Ella parecía estar en todas partes a la vez, vigilando a los clientes, a los camareros y a él. Hinata se había salido con la suya con respecto a los guardias, y siempre veía a alguno cerca de él. Era más cómodo que andar mirando por encima del hombro, pero se oponía a ello por principios.
El hecho de que estuviera fuera del juego, no quería decir que no pudiera cuidarse solo. Había gruñido a A por haber dado esas órdenes a sus muchachos, pero el muy imbécil tenía más miedo de ella que de él, y no había cambiado de actitud.
Deseó poder echarla del apartamento. Necesitaba un lugar donde pasar las noches como esa.
Necesitaba recuperar su vida tal y como era antes de que Hinata irrumpiera en ella.
Notó que algo le retorcía las entrañas, algo que no quería examinar. Algo que cada día empujaba más cerca de la superficie. Y no había ninguna razón que lo explicara. Tenía todo lo que quería. Dinero. Reputación.
Físicamente no estaba tan bien desde hacía años. En cuanto a Rasengan... El club había estado lleno desde la reapertura, hacía tres noches. Y, lo mejor de todo, Shion lo había invitado a su finca el lunes próximo. La juguetona forma en que le entregó la invitación sugería que la espera estaba a punto de terminar. Todo seguía su cauce.

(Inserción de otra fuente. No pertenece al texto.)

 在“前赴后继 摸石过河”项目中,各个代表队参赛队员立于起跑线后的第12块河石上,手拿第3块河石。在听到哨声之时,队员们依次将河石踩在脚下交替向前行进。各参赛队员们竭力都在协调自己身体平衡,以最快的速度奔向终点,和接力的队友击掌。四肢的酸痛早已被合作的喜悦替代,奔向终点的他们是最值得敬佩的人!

Y aun así..., no estaba contento.
Por culpa de Hinata.
Ella tenía un sueño... Igual que lo tenía él. Un solo objetivo por el que levantarse de la cama y luchar cada día. Una pasión. Entonces ¿por qué se sentía como si su vida se hubiera convertido en un reflejo empañado de la de ella?
Hinata apareció en la puerta con vaqueros y una mueca. Tenía el pelo húmedo, así que debía de haberse duchado, aunque él no la hubiera oído. Ella se quedó mirándolo.
—No puedo seguir con esto, Naruto.
Él se incorporó de las almohadas.
—¿Podrías dejar que antes me espabilara?
—No duermo con hombres que no me respetan.
Eso le puso furioso.
—¿Quién dice que yo no te respeto?
—¿Cómo vas a respetarme después de la forma en que metí la pata?
—Te aseguro que sí. —Se levantó desnudo de la cama y se metió en el cuarto de baño, donde volvió a ducharse. Odiaba que lo acorralaran, y eso es lo que ella estaba haciendo.
No había sido capaz de despedirla porque confiaba en ella, no podía confiarle su anillo, de eso no cabía duda, pero sí su vida. De alguna manera, ella se había convertido en la salsa que hacía que todo valiera la pena. Quizás eso explicaba por qué se sentía tan infeliz.
Tenía ropa limpia en el despacho, así que salió con una toalla alrededor de las caderas. Ella, por supuesto, estaba esperándolo.
—Lo siento —dijo ella.
—Deberías. A veces estoy seguro de que vives solo para hacerme pasar un mal rato.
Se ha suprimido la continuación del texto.